Lines was assigned to an ocean-going tug in Montreal, and that’s where he met Julia, the woman he would marry.

In late 1944, Lines and his tug served on the St. Lawrence River, near Gaspé, Que.

“We were the standby tug for Gaspé,” Lines said. “German submarines were coming up into the St. Lawrence there.”

Lines stayed there until the day after Christmas, 1944, when his tug was transferred to Halifax.

He recalled that the harbours, such as the one at Halifax, were protected by loop stations, large circles of cable on the harbour floor that could detect the magnetic field of submarines.

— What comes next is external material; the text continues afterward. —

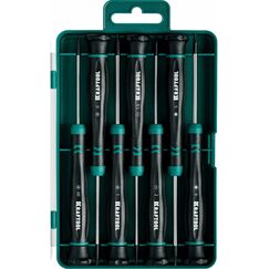 Набор отверток для точных работ КОБАЛЬТ Ultra Grip 50мм служит для отворачивания и заворачивания мелких резьбовых крепежных элементов в часах, бытовой и электронной технике. При изготовлении используется устойчивая к коррозии и деформации хромованадиевая сталь 6150CrV с закалкой 51-54HRC, благодаря чему инструмент имеет длительный срок службы. Специальная рукоятка Ultra Grip с вращающимся упором обеспечивает точное завинчивание крепежа. Для удобства работы предусмотрен магнитный наконечник, который не позволяет потерять мелкие детали. Удобства хранения и транспортировки набора обусловлено входящим в комплект поставки пластиковым кейсом. Набор из 7 отверток для точных работ в кейсе, магнитные наконечники, Ultra Grip рукоятки, длина 50 мм, для ремонта электроники и аксессуаров.

“Sometimes ships coming into the harbour would (accidentally hook onto) these things and break them. So our job was to go out and patch them.”

Lines said he worked in Halifax until the end of the war, when he received his discharge. He returned to Julia in Montreal.

Thinking back on his wartime experiences, Lines said it’s important to remember. “(Remembrance Day) ceremonies are very important,” he said. “Wars are never going to cease. And unfortunately, people never learn.”